:: DATA RECORDS
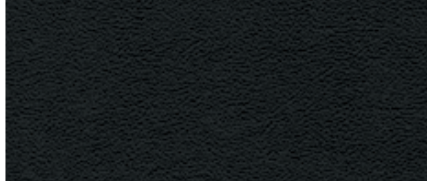
NLX9 - Black Moab Leather (Standard - Overland)
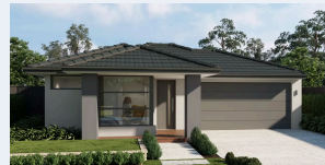
Modern Double Garage

*Disclaimer: All photos and illustrations are representative and are to be used as a guide only. Images may depict features such as landscaping, fencing, driveway, timber decking, furniture, window furnishings and lighting which are not included in the base price or which are not available from Sherridon Homes. Floorplans and specifications may be varied by Sherridon Homes without notice, the dimensions are diagrammatic only. The Building Contract with final drawings will display the final dimensions and detail. All information provided is for information purposes only and does not constitute a legal contract between Sherridon Homes and any person or entity. This information is subject to change without prior notice. Facades shown are a style only and may differ depending on the house type chosen. Facades are subject to change depending on the developers, council and other authority requirements. Upgrade facades require 2590mm ceilings height. Minimum lot size guidance is subject to orientation, land characteristics, developer and Council requirements. All designs are the property of Sherridon Homes and must not be used, reproduced, copied or varied, wholly or in part without written permission from an authorised Sherridon Homes representative. Copyright Sherridon Homes.
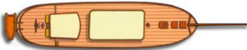
Top Deck View - Sun Deck, Back Deck Lounge, Deck Shower
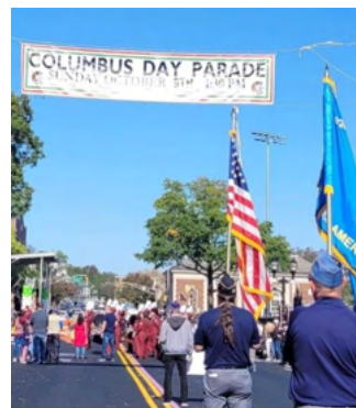
Always on the move, Belleville Legion 105 Family march in Belleville's Columbus Day Parade on 9-October.
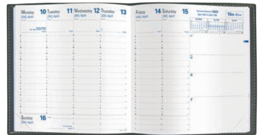
EXECUTIVE - 6 ¼" x 6 ¼" (16 x 16 cm)
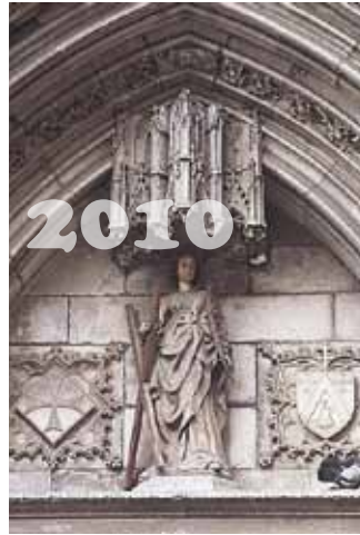
Santa Eulalia portal
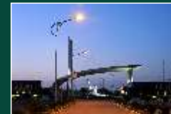
TDI CITY, PANIPAT
::::
● PROBLEM
Leave the pictures out, and reproduce only the lines from the line holding "Top Deck View" through the last line of the material, both included.

● TASK OUTPUT
Top Deck View - Sun Deck, Back Deck Lounge, Deck Shower
Always on the move, Belleville Legion 105 Family march in Belleville's Columbus Day Parade on 9-October.
EXECUTIVE - 6 ¼" x 6 ¼" (16 x 16 cm)
Santa Eulalia portal
TDI CITY, PANIPAT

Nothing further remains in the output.